The roll-out of the National Data Opt-out across health and care organisations is on pause until March. This is so that health and care organisations which had not yet implemented it could concentrate on tackling the pandemic, rather than introducing this change. But the reasons for the opt-out remain as important as ever. I am a keen advocate of data use and have not opted out myself. However, by providing people with a mechanism to do, we show that we uphold the commitment that we made and respect people’s decisions.

The remaining months of my term as NDG fall in a period when it will be important for the system to consider how to deal with the emergency measures that were introduced in response to the pandemic. No assumption should be made that what is put in place during a public health crisis will be appropriate when the level of threat to public health recedes. There are many innovations and changes that should be kept. Equally, others do not remain appropriate outside of the context of a pandemic.

For example, to slow the spread of coronavirus, the Government has passed a law that makes failing to isolate when required, or giving false information to contact tracers, a criminal offence. Regulations have been introduced so that NHS Test and Trace may set aside the duty of confidence to share information with police to enforce this law in individual cases. It is vital that we all obey the rules to control the spread of the virus, and I understand that this is the purpose of these newly identified offences. We were glad to see that a memorandum of understanding sets out that minimum information should be passed to law enforcement, and that no data is passed to the police from the COVID-19 app. Nonetheless, I am concerned that the current arrangement may also have the unintended consequence of reducing people’s readiness to seek care, and would not want this to be seen as a precedent for sharing health and care information with the police beyond this pandemic.

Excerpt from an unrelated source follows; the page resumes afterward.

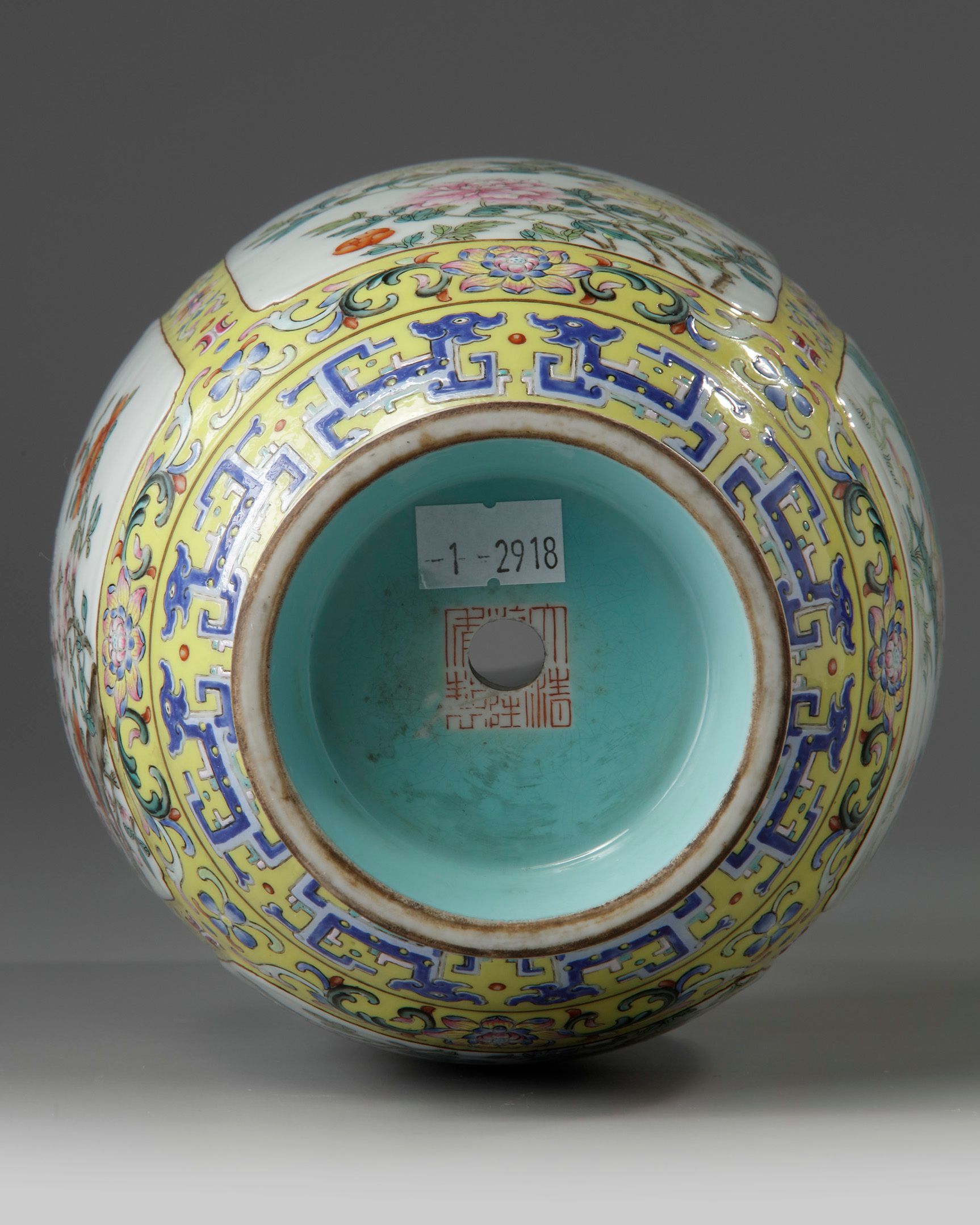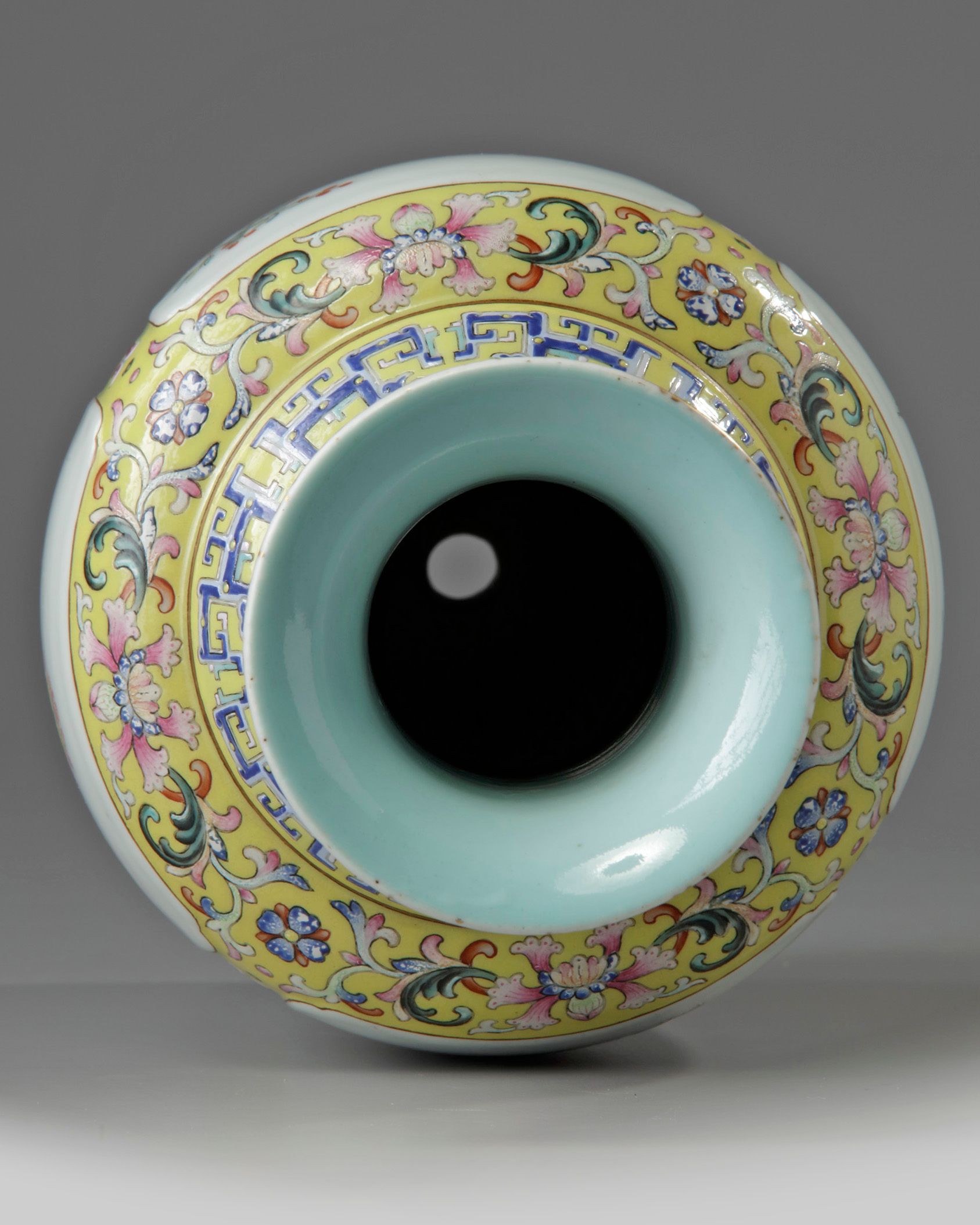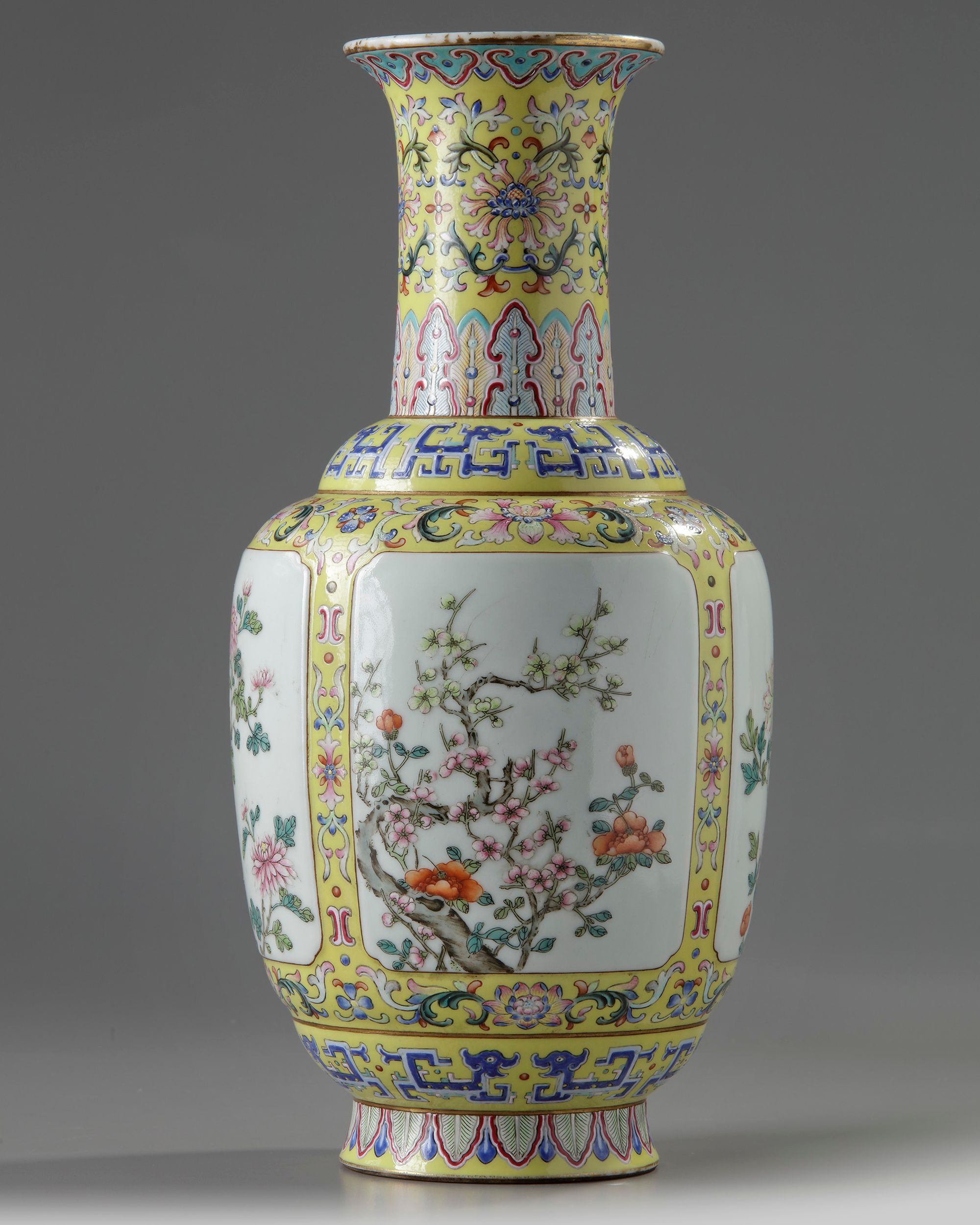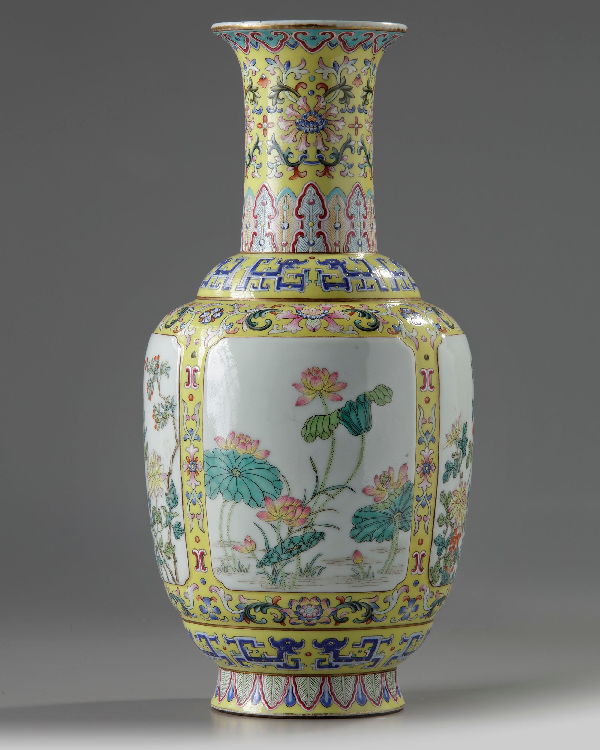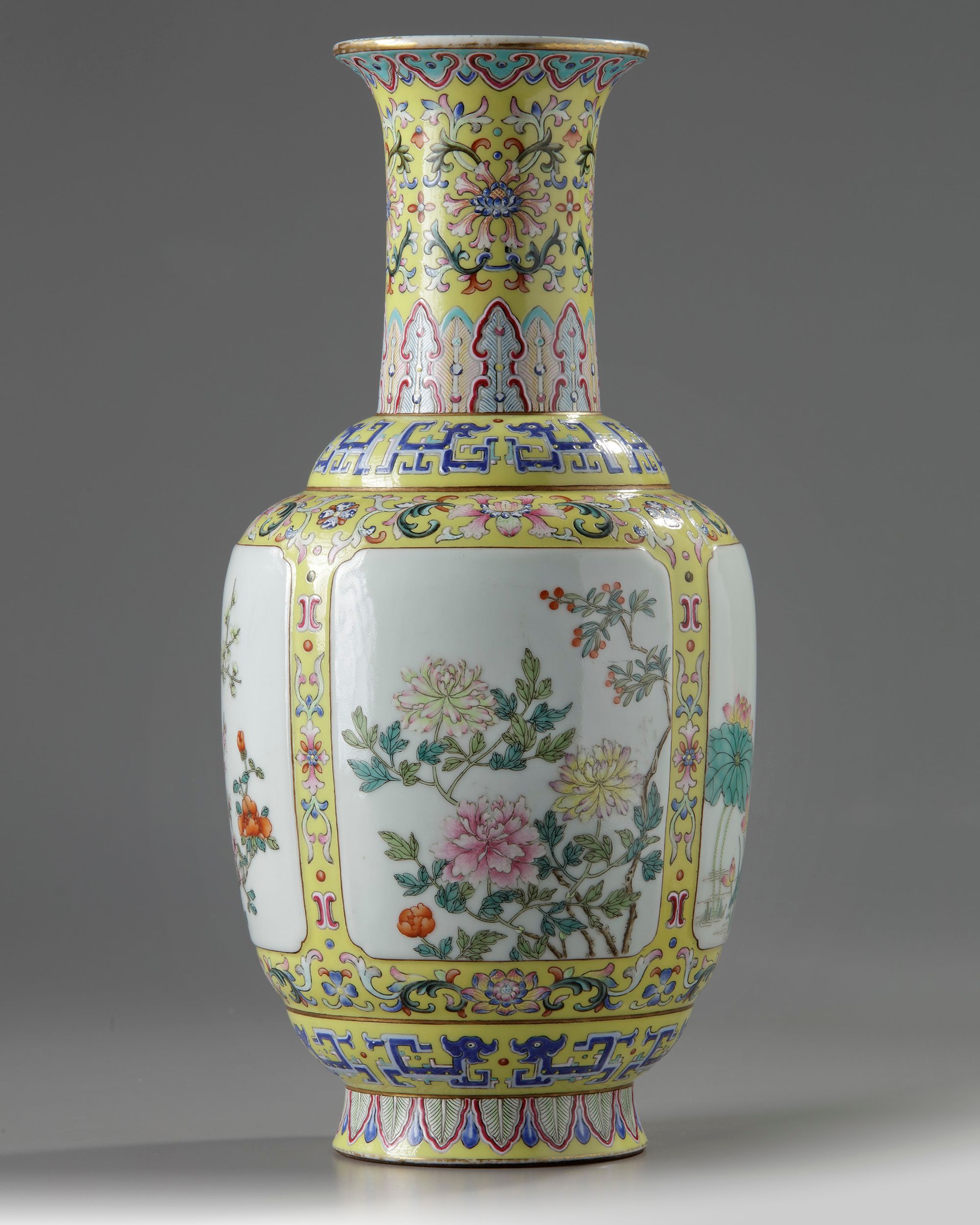 The vase is decorated with four moulded panels enclosing lotus, chrysanthemum, prunus, and peony, all surrounded by scrolling flowers on a lemon yellow ground. The shoulder and foot are decorated with a kui-dragon band, and the neck is decorated with further flower scrolls above a lappet band. The interior and base are enamelled turquoise. Base with an apocryphal Qianlong mark.

Meanwhile, we have also seen a constructive coming together both within and outside the sector as people have joined forces to both manage the pandemic and keep our health and care system operating effectively. In a blog post that I wrote in April, I said how reassuring I had found it to see so many examples of rapid and focussed action and problem solving. This momentum has never slowed, despite the many challenges; this makes me feel extremely proud of – and thankful for – the dedication of those who work in our health and care services.

Over the last few weeks, we have had some wonderful news about vaccine development: a light at the end of the tunnel. This breakthrough gives us some hope that we can now start to think about – and plan for – a time beyond the current crisis. And as we do consider that, and think about what data use should look like in a post coronavirus landscape, we must continue to listen to the public. We have already begun to see emerging evidence which suggests that people are becoming more knowledgeable about the importance of health and care data, and more accepting of its use. We now have an opportunity to build on this growing awareness. And at this time, transparency will be key to providing the reassurance that earns confidence. We must make a concerted effort to engage with the people whose data we hold before making important decisions about it.